Problem statement: Skip all pictures, then copy the lines from the start of the data through the line with "1、進入APP首頁點賬單查看", keeping both ends.

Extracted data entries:

►

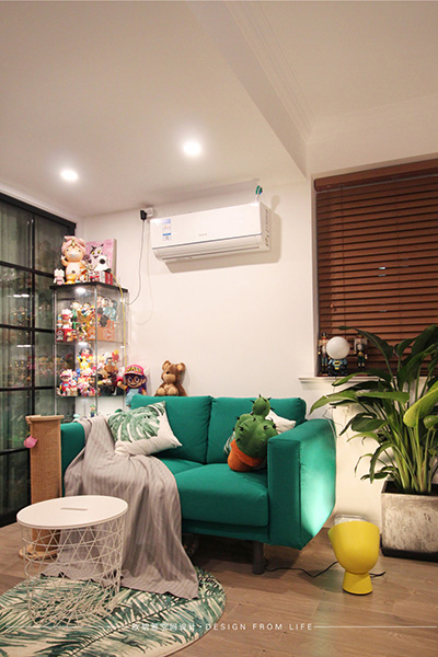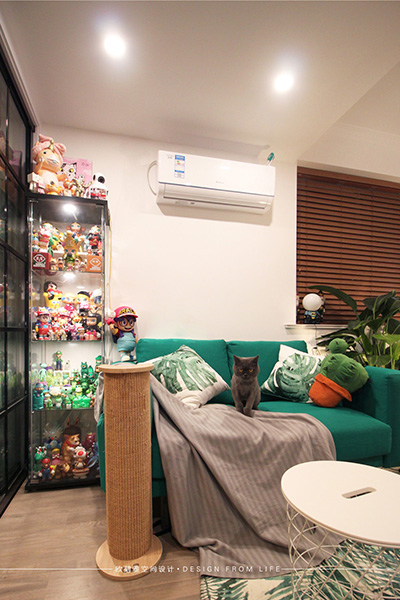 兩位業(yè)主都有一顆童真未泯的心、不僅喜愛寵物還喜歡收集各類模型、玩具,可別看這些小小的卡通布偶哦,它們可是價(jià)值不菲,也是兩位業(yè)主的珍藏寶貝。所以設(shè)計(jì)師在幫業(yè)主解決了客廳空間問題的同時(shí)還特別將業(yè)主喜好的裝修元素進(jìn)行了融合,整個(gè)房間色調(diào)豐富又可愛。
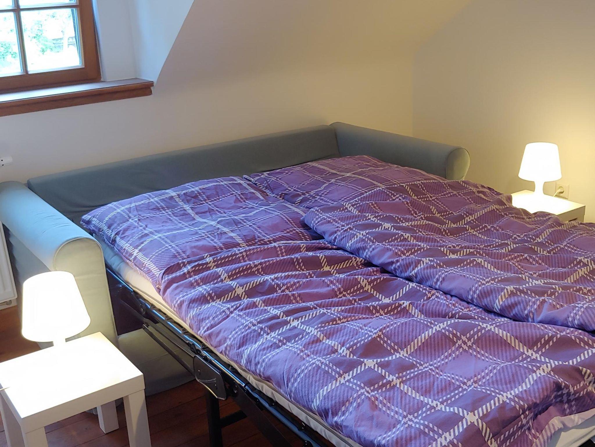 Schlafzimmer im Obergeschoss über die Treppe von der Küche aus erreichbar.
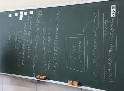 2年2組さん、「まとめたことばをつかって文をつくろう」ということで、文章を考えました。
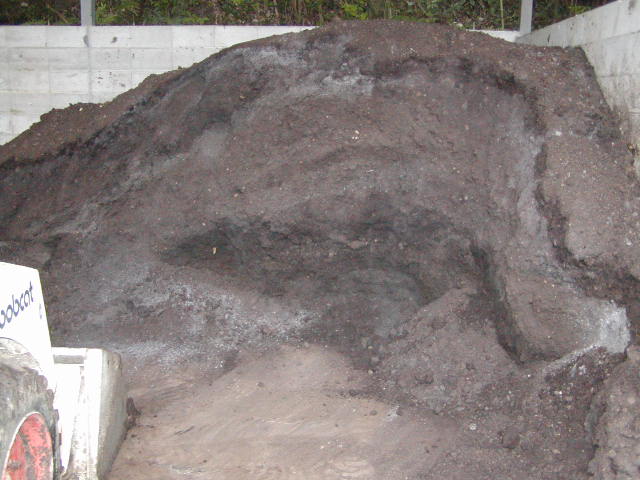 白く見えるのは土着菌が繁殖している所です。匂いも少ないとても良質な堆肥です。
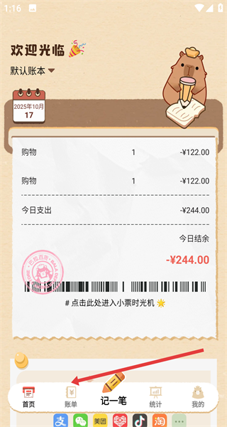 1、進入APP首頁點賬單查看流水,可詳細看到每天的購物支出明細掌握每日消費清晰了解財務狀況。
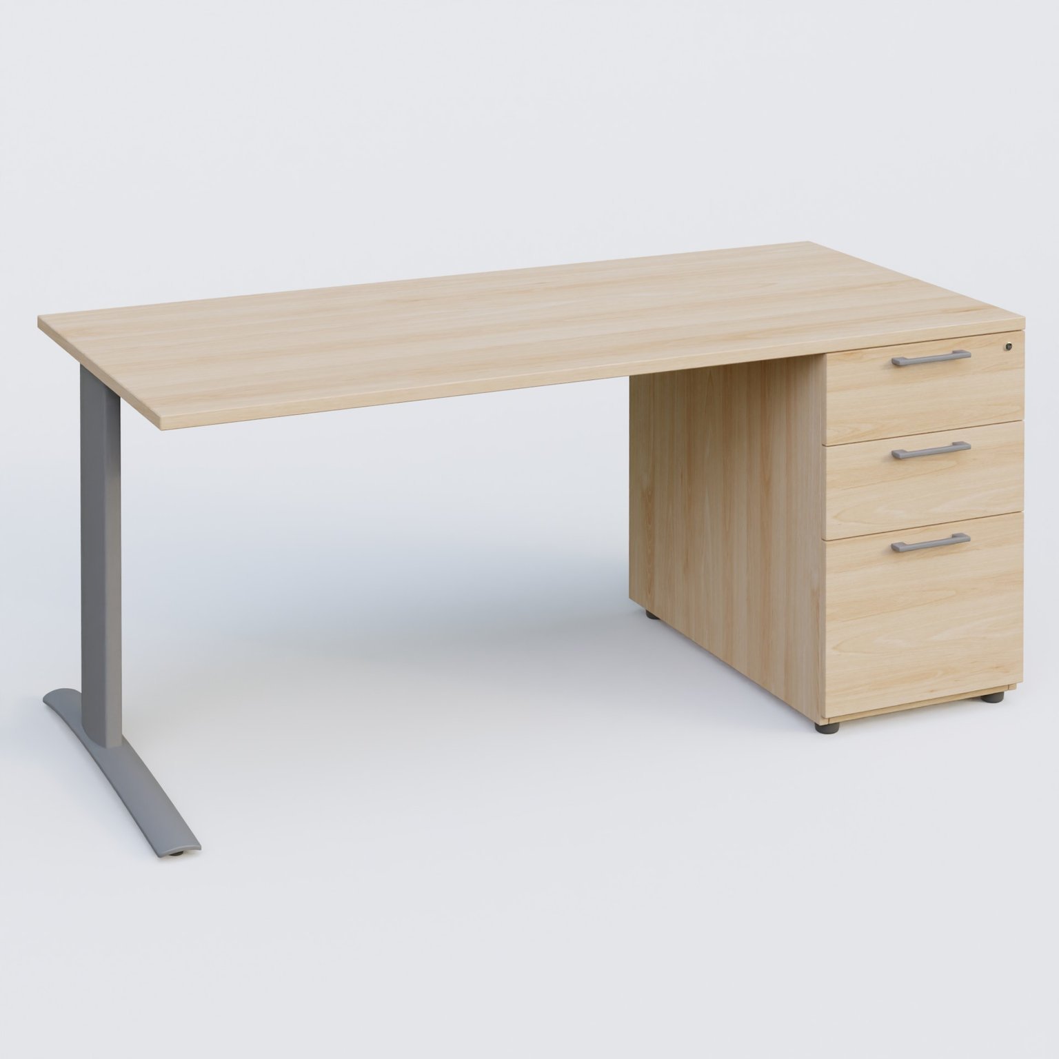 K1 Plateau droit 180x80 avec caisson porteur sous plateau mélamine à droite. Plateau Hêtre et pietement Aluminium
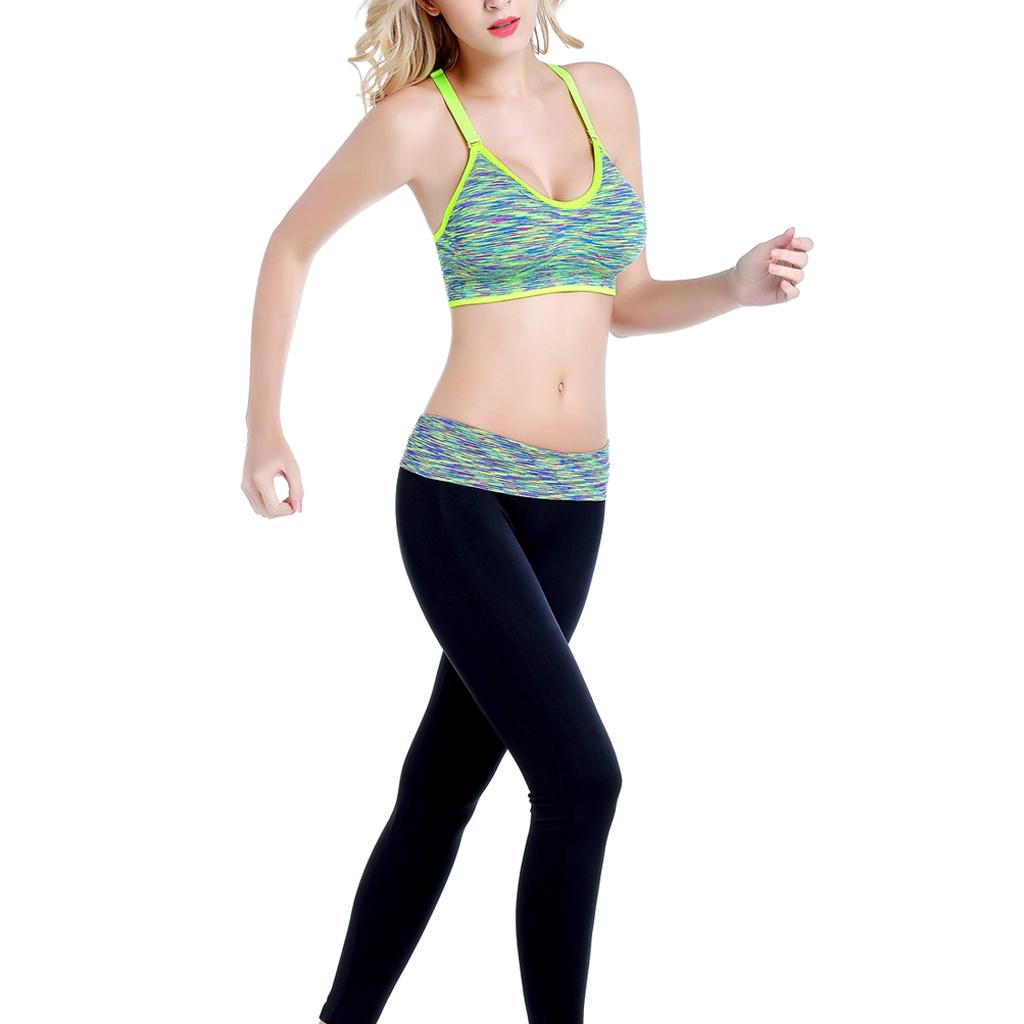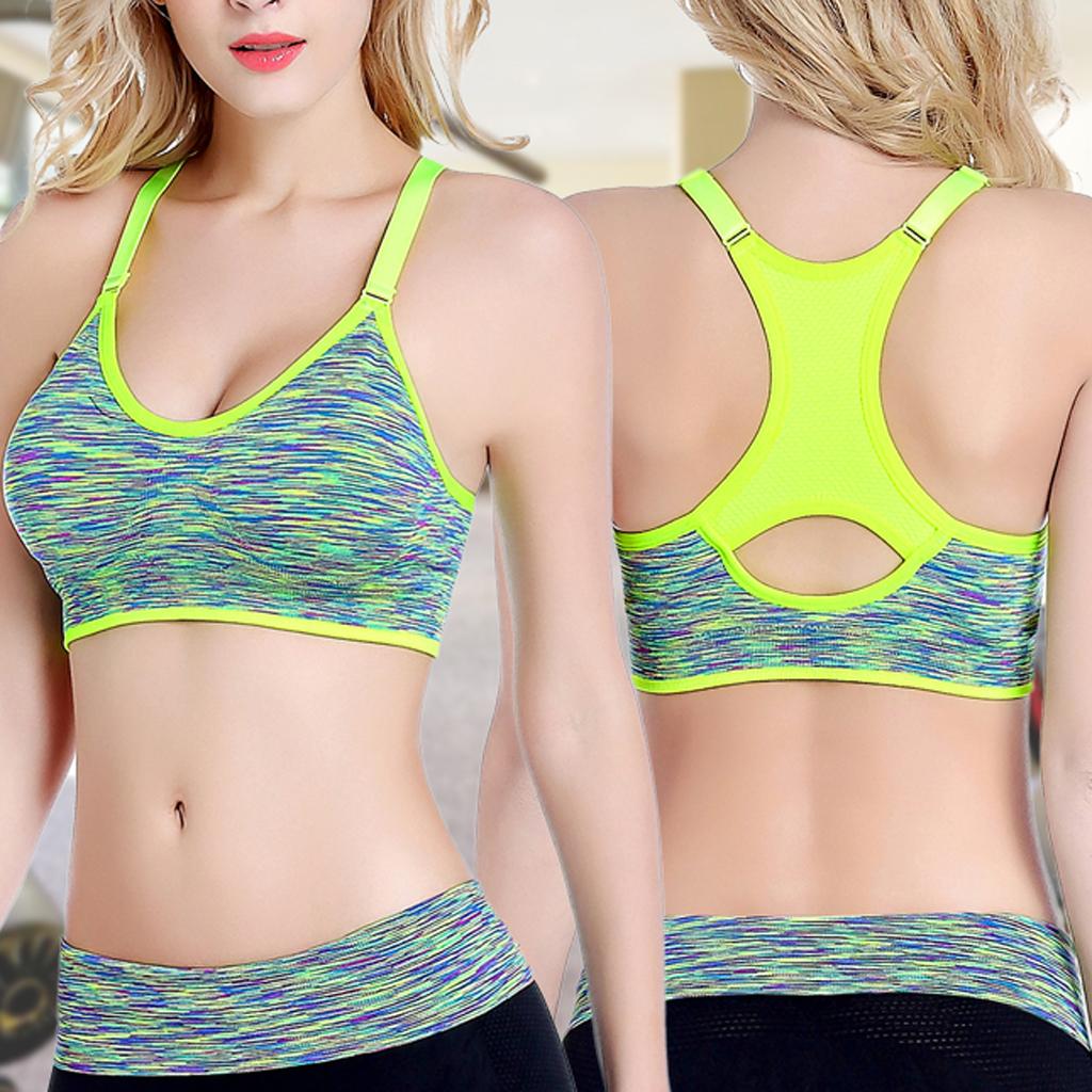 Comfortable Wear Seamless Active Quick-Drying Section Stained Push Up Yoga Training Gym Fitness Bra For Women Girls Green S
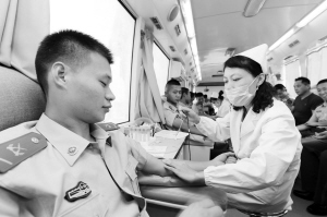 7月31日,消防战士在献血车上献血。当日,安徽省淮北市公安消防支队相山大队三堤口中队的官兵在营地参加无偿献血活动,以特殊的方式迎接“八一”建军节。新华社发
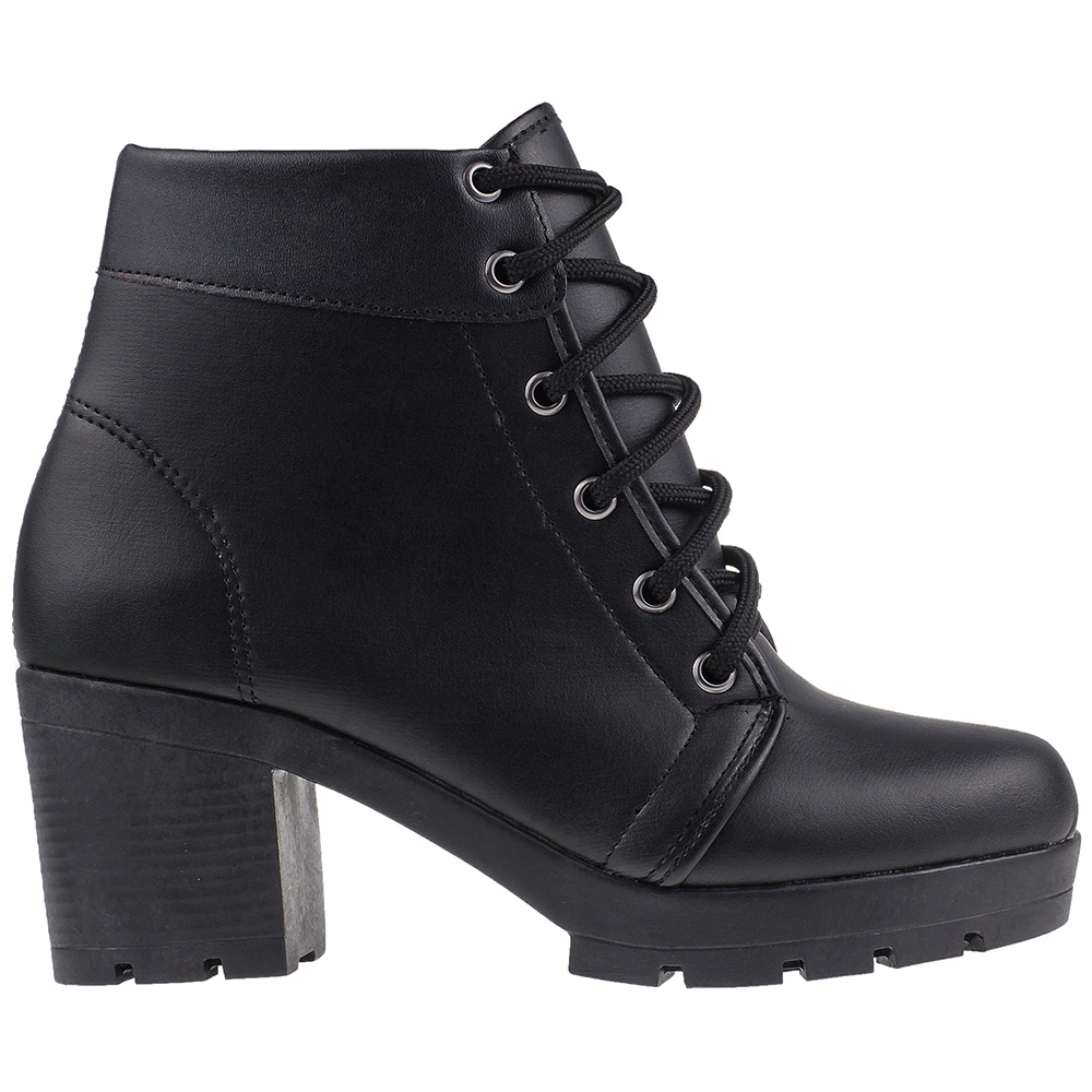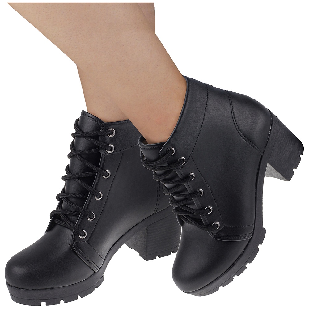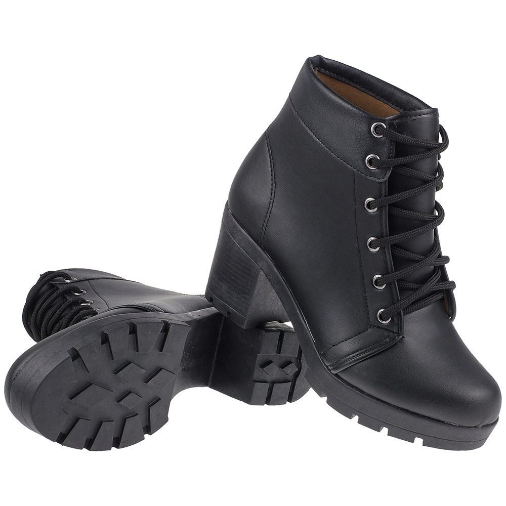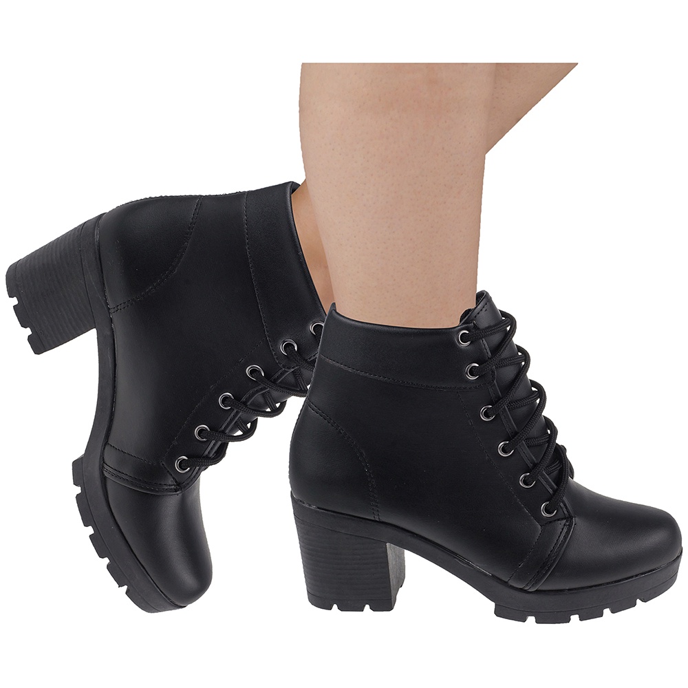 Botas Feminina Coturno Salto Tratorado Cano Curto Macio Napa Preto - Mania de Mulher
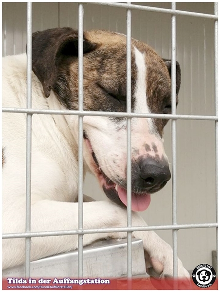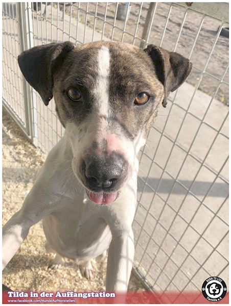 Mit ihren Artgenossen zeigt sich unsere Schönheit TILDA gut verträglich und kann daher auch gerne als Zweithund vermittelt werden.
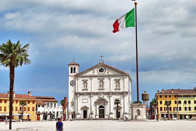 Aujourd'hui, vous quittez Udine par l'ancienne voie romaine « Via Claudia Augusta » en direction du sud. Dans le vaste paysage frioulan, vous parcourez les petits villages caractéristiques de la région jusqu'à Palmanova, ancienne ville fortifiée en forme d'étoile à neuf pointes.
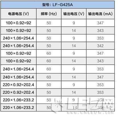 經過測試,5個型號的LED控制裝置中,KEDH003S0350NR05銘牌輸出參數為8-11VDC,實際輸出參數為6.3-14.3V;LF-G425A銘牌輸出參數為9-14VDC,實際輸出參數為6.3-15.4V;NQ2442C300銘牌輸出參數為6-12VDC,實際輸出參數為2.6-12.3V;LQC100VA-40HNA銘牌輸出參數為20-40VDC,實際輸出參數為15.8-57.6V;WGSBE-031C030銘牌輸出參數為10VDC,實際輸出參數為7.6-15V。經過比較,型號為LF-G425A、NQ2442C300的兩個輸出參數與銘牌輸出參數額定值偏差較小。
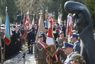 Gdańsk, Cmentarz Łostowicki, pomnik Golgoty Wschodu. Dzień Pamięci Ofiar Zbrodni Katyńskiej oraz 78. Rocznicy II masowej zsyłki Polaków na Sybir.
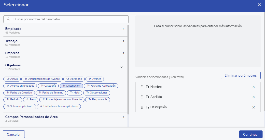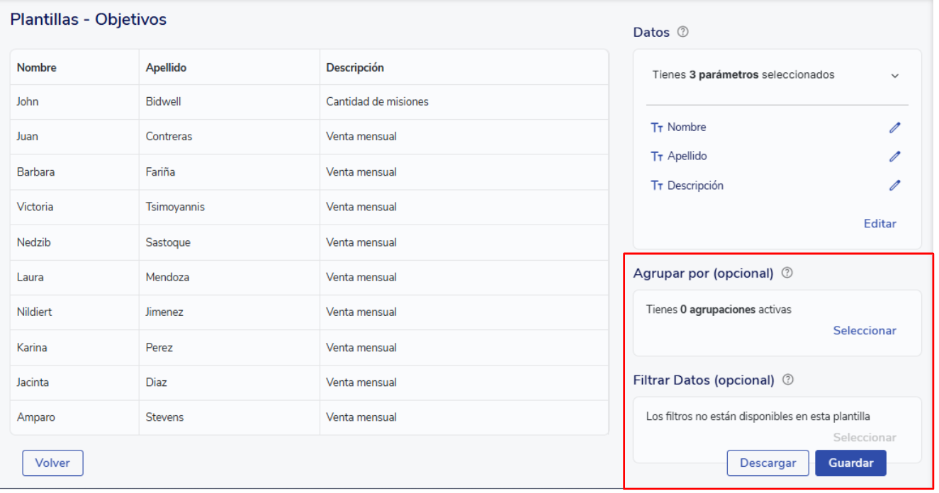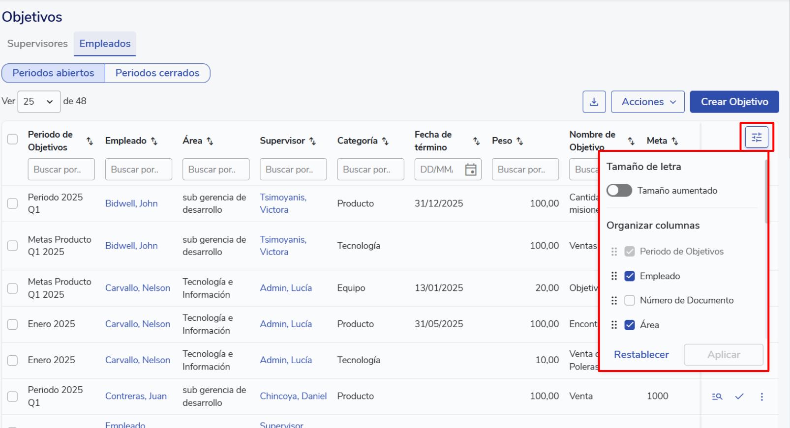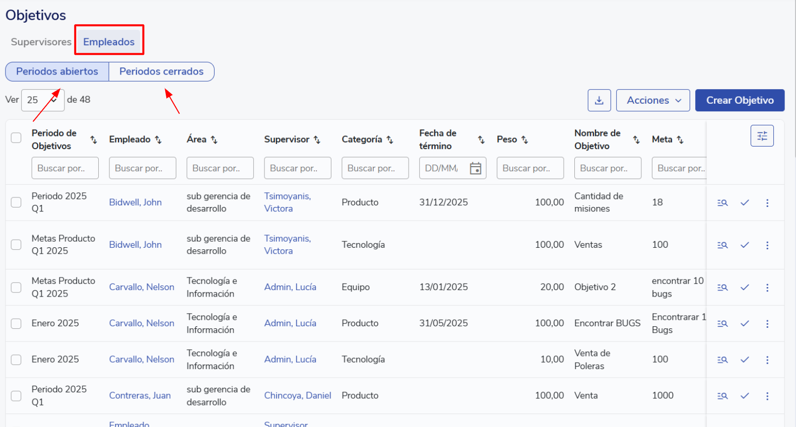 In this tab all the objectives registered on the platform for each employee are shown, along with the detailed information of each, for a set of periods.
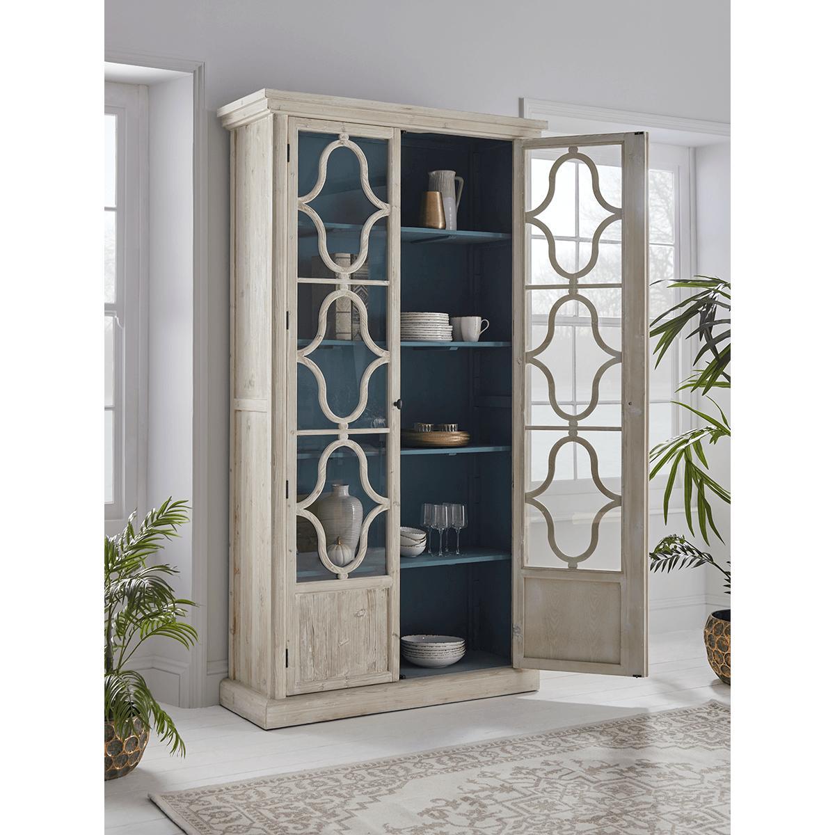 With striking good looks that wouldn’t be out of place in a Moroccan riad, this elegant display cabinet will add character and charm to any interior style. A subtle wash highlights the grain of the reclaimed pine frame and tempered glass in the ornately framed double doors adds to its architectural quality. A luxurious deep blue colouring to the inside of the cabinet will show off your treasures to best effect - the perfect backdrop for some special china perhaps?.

◄

Expected answer:
 兩位業(yè)主都有一顆童真未泯的心、不僅喜愛寵物還喜歡收集各類模型、玩具,可別看這些小小的卡通布偶哦,它們可是價(jià)值不菲,也是兩位業(yè)主的珍藏寶貝。所以設(shè)計(jì)師在幫業(yè)主解決了客廳空間問題的同時(shí)還特別將業(yè)主喜好的裝修元素進(jìn)行了融合,整個(gè)房間色調(diào)豐富又可愛。
 Schlafzimmer im Obergeschoss über die Treppe von der Küche aus erreichbar.
 2年2組さん、「まとめたことばをつかって文をつくろう」ということで、文章を考えました。
 白く見えるのは土着菌が繁殖している所です。匂いも少ないとても良質な堆肥です。
 1、進入APP首頁點賬單查看流水,可詳細看到每天的購物支出明細掌握每日消費清晰了解財務狀況。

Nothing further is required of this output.